### Exercise material

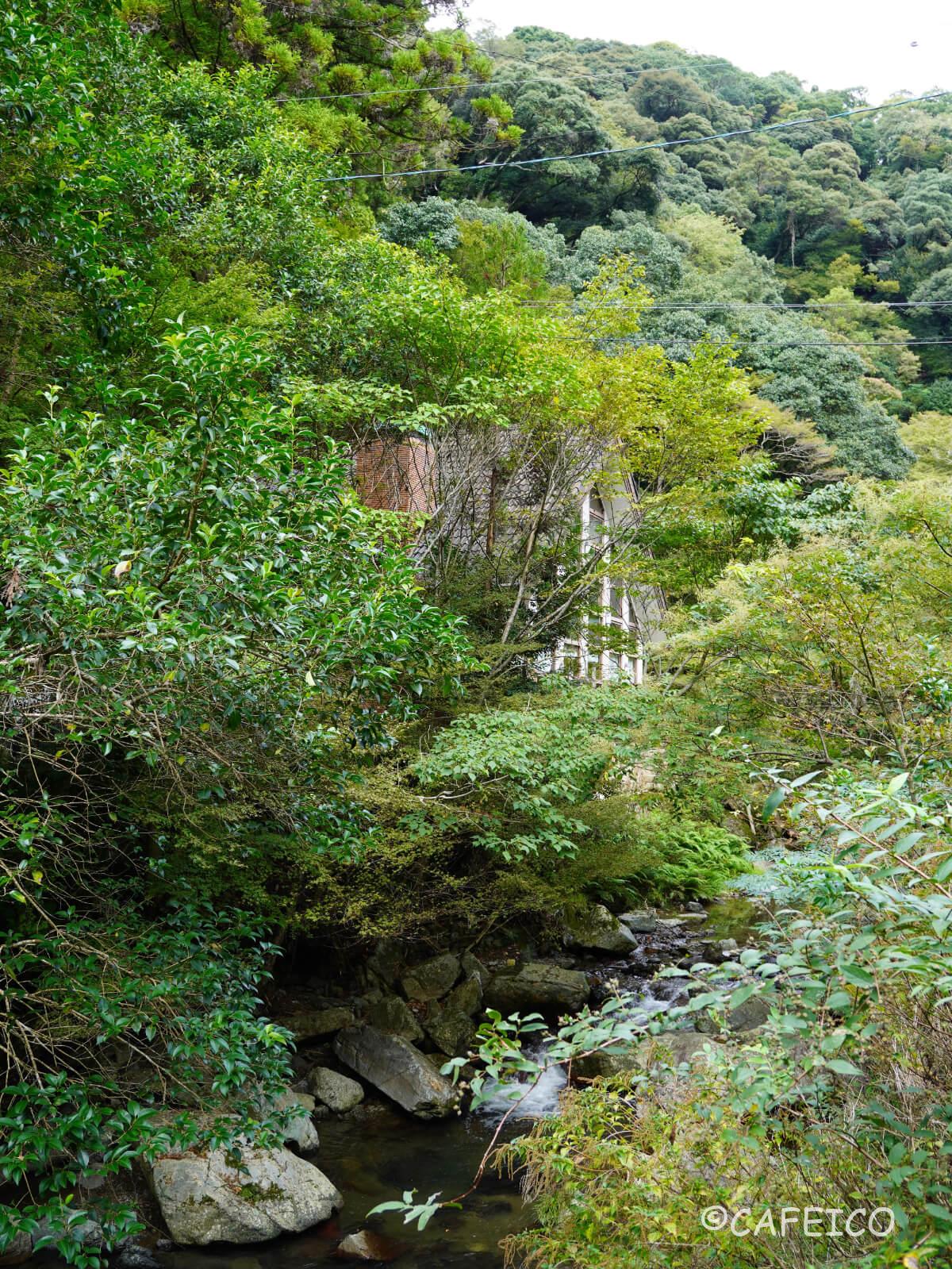 箕面から15分ほど箕面滝道を歩いていると、木々の中に埋もれている建物が見えてきました。
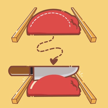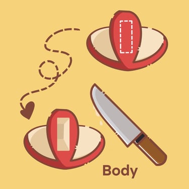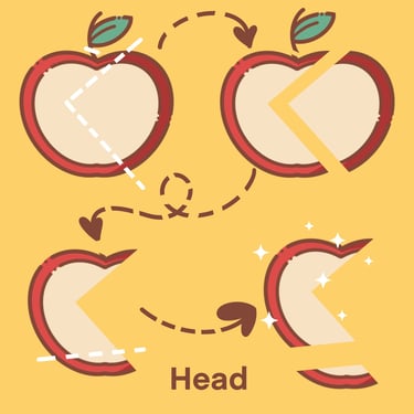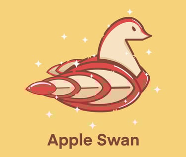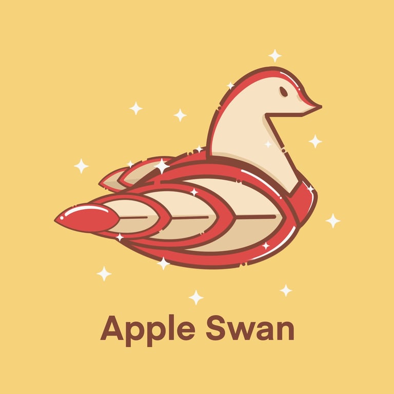 A web design graphic tutorial, illustrating step-by-step how to cut an Apple into an artistic shape of a Swan.
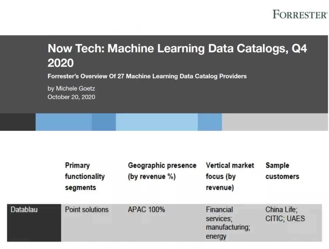凭借众多商业化落地案例,深厚的技术积累,完善的全栈企业级产品,Datablau数语科技问鼎Forrester NowTech全球MLDC(基于机器学习的数据资产目录),是亚太区域唯一入选的厂商。
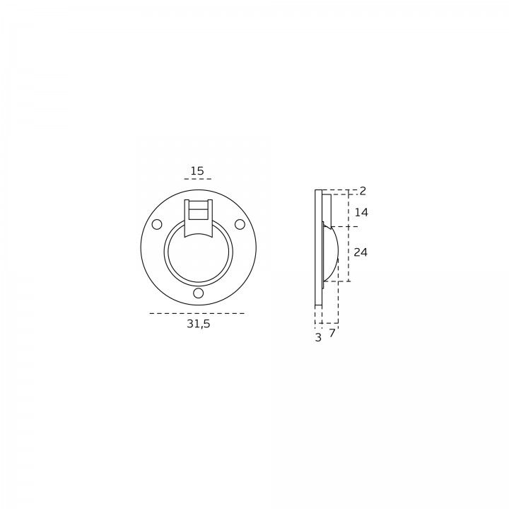 CAZOLETA REDONDA DE EMBUTIR CON TIRADOR PARA MUEBLES.
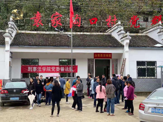 2019年10月20日,在山阳县教育体育局领导协助下,刑法学教师党支部、刑事诉讼法学教师党支部、本科生党支部及学生党员代表37人前往商洛市山阳县参观红二十五军革命旧址,并在袁家沟村进行捐赠文体用品及普法活动。该活动的目的在于到脱贫攻坚一线去了解社会、了解基层、了解农村并且开展法制教育活动、弘扬社会主义法治精神。
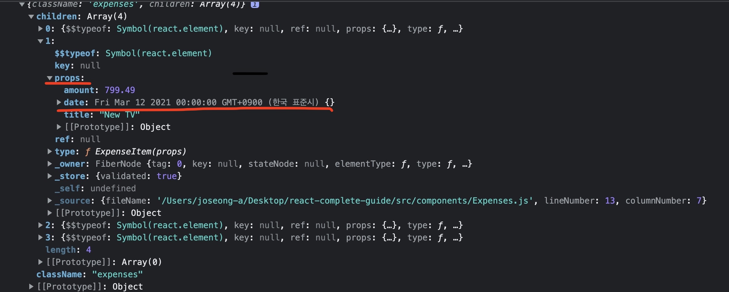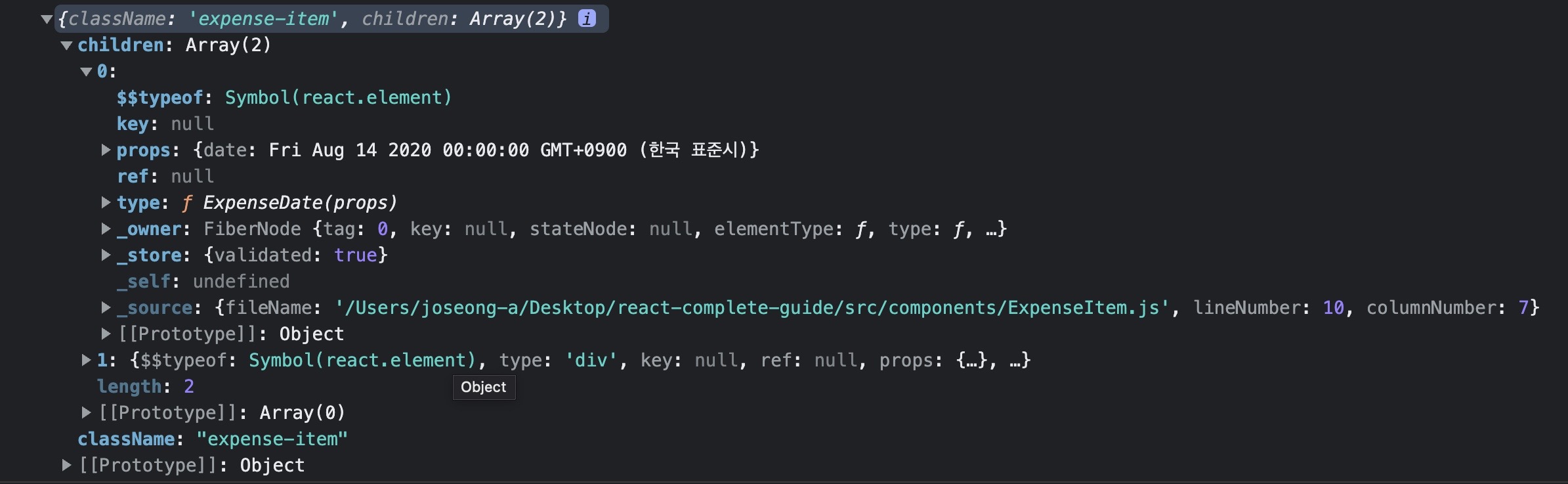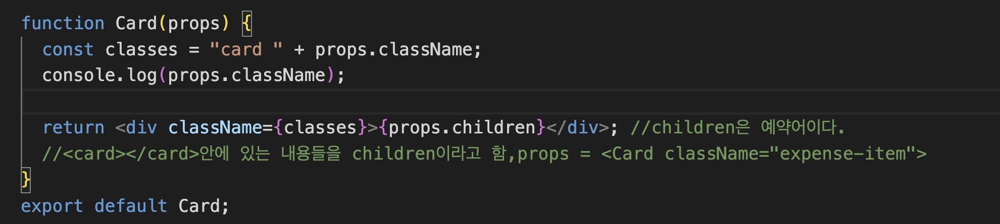 그러면 결국 className을 classes로 갖고 있는 태그는 className ={class, expense-item} 두 가지의 클래스를 가지고 있다.
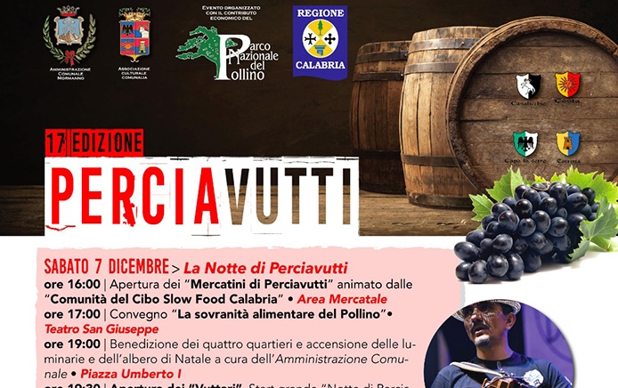 Nel ricco programma che vedrà in concerto Ciccio Nucera con la sua band e Tony Esposito nella serata del 7 dicembre in Piazza Umberto I, grande spazio ai prodotti della rete territoriale calabrese con la chiocciola attraverso il Mercato delle Comunità del Cibo presso l’area mercatale, che radunerà a Mormanno le esperienze più significative ed i produttori impegnati in Calabria nella produzione del cibo buono, pulito e giusto. Sabato la grande festa prenderà il via con la benedizione dei quartieri e l’accensione delle luminarie e dell’albero di Natale alle ore 19.00 da Piazza Umberto I e la conseguente apertura dei Vuttari nei quartieri Capo Lo Serro, Casalicchio, Costa e Torretta che in questi giorni sono al lavoro per arrivare preparati all’appuntamento, grazie al coinvolgimento di oltre 200 volontari che sono l’esempio lampante di come “Perciavutti” a Mormanno sia festa di popolo.
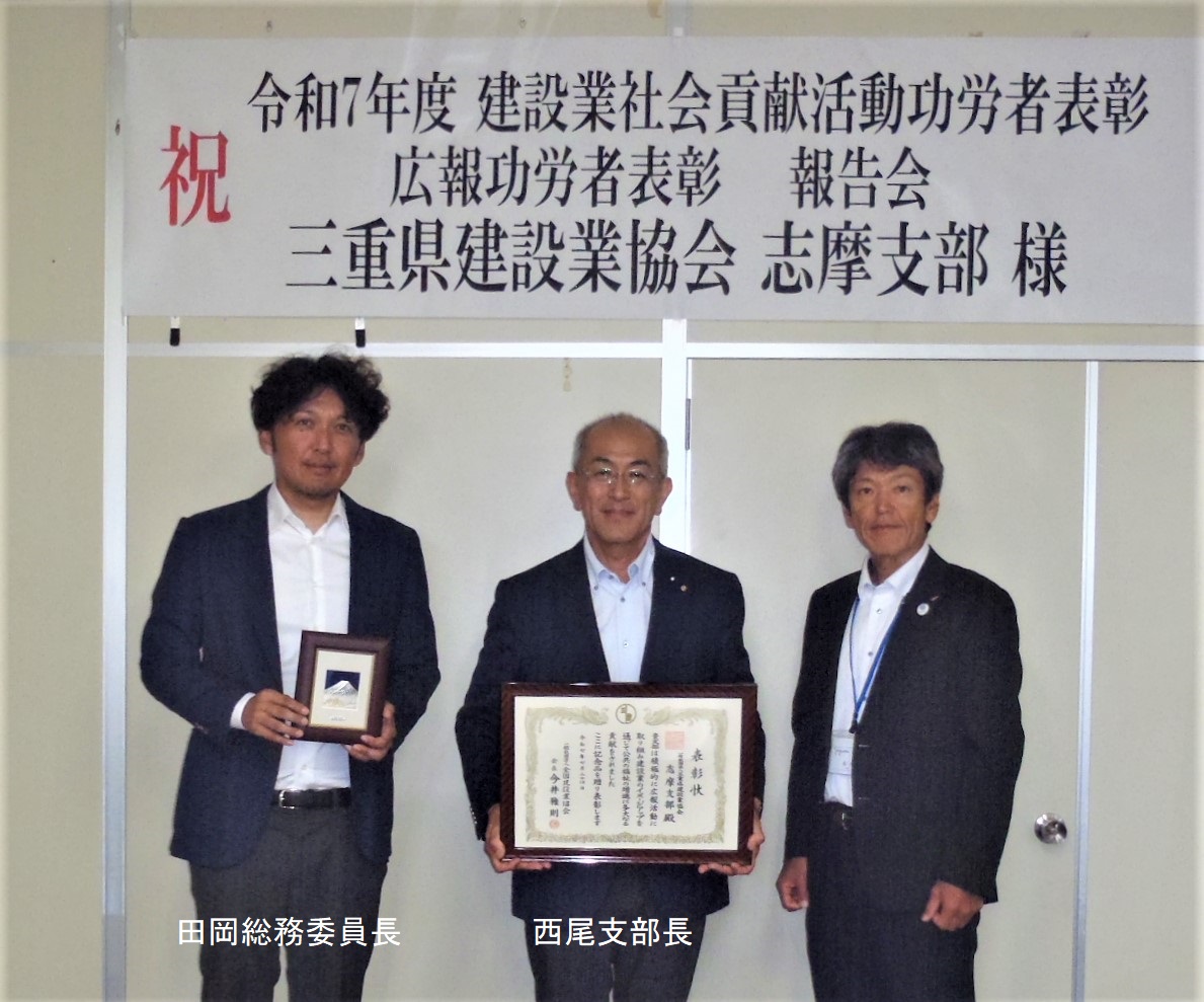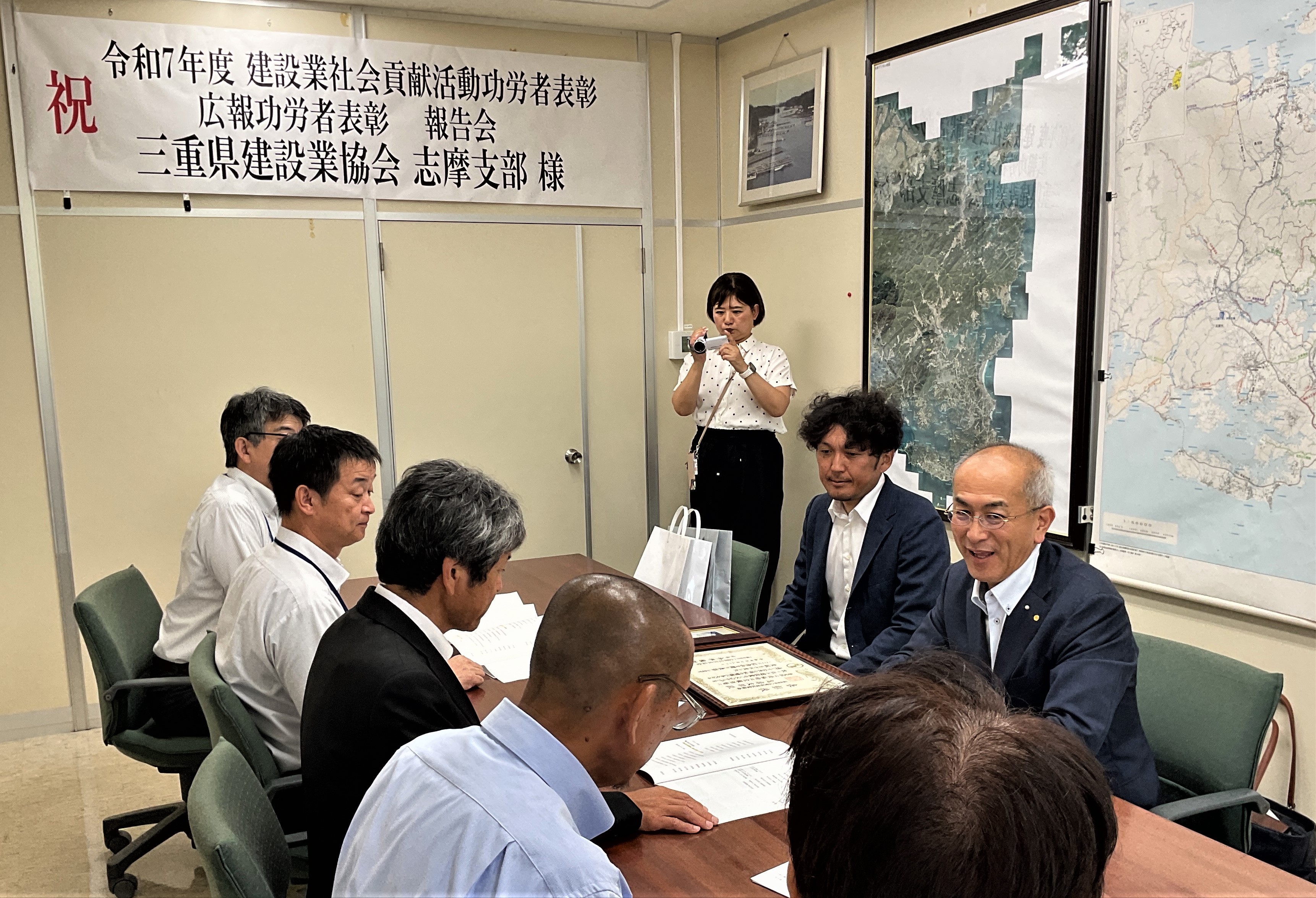 令和7年7月24日、全国建設業協会が開催した建設業社会貢献活動推進月間中央行事において、三重県建設業協会志摩支部が「広報功労者表彰」を受賞されました。 8月5日に志摩支部長と総務委員長が志摩建設事務所に来庁され、受賞の報告を行なっていただきました。 受賞おめでとうございます‼️ 今後も建設業の魅力発信に向けた取り組みを宜しくお願いします✨ 全国建設業協会の表彰式の記事へのリンク <受賞事例の紹介>
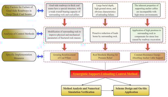 Targeting the complex stress environment faced by goaf-side roadways in deep thick coal seams and the key factors affecting their deformation and failure, a synergistic support–unloading control method more adaptable to the deep thick coal seam environment is proposed on this basis, with the technical road map shown in Figure 12.
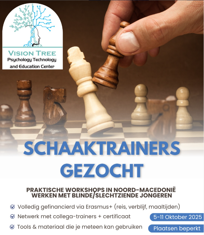 We are looking for motivated trainers for an international training week on inclusive chess with blind and visually impaired youth in Bitola, North Macedonia: October 5–11, 2025.
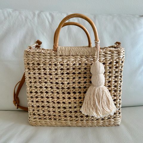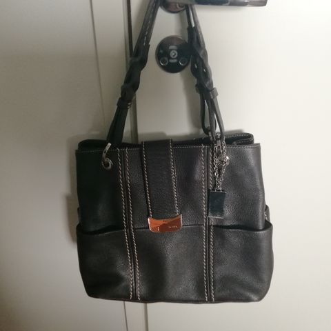 Uudenveroinen käsilaukku. Mitat: Leveys 32cm, korkeus 26cm ja syvyys 17cm.

######

## What is expected:
Your answer must be an exact transcription of the records above, minus the pictures.

## Task result:
 箕面から15分ほど箕面滝道を歩いていると、木々の中に埋もれている建物が見えてきました。
 A web design graphic tutorial, illustrating step-by-step how to cut an Apple into an artistic shape of a Swan.
凭借众多商业化落地案例,深厚的技术积累,完善的全栈企业级产品,Datablau数语科技问鼎Forrester NowTech全球MLDC(基于机器学习的数据资产目录),是亚太区域唯一入选的厂商。
 CAZOLETA REDONDA DE EMBUTIR CON TIRADOR PARA MUEBLES.
 2019年10月20日,在山阳县教育体育局领导协助下,刑法学教师党支部、刑事诉讼法学教师党支部、本科生党支部及学生党员代表37人前往商洛市山阳县参观红二十五军革命旧址,并在袁家沟村进行捐赠文体用品及普法活动。该活动的目的在于到脱贫攻坚一线去了解社会、了解基层、了解农村并且开展法制教育活动、弘扬社会主义法治精神。
 그러면 결국 className을 classes로 갖고 있는 태그는 className ={class, expense-item} 두 가지의 클래스를 가지고 있다.
 Nel ricco programma che vedrà in concerto Ciccio Nucera con la sua band e Tony Esposito nella serata del 7 dicembre in Piazza Umberto I, grande spazio ai prodotti della rete territoriale calabrese con la chiocciola attraverso il Mercato delle Comunità del Cibo presso l’area mercatale, che radunerà a Mormanno le esperienze più significative ed i produttori impegnati in Calabria nella produzione del cibo buono, pulito e giusto. Sabato la grande festa prenderà il via con la benedizione dei quartieri e l’accensione delle luminarie e dell’albero di Natale alle ore 19.00 da Piazza Umberto I e la conseguente apertura dei Vuttari nei quartieri Capo Lo Serro, Casalicchio, Costa e Torretta che in questi giorni sono al lavoro per arrivare preparati all’appuntamento, grazie al coinvolgimento di oltre 200 volontari che sono l’esempio lampante di come “Perciavutti” a Mormanno sia festa di popolo.
 令和7年7月24日、全国建設業協会が開催した建設業社会貢献活動推進月間中央行事において、三重県建設業協会志摩支部が「広報功労者表彰」を受賞されました。 8月5日に志摩支部長と総務委員長が志摩建設事務所に来庁され、受賞の報告を行なっていただきました。 受賞おめでとうございます‼️ 今後も建設業の魅力発信に向けた取り組みを宜しくお願いします✨ 全国建設業協会の表彰式の記事へのリンク <受賞事例の紹介>
 Targeting the complex stress environment faced by goaf-side roadways in deep thick coal seams and the key factors affecting their deformation and failure, a synergistic support–unloading control method more adaptable to the deep thick coal seam environment is proposed on this basis, with the technical road map shown in Figure 12.
 We are looking for motivated trainers for an international training week on inclusive chess with blind and visually impaired youth in Bitola, North Macedonia: October 5–11, 2025.
 Uudenveroinen käsilaukku. Mitat: Leveys 32cm, korkeus 26cm ja syvyys 17cm.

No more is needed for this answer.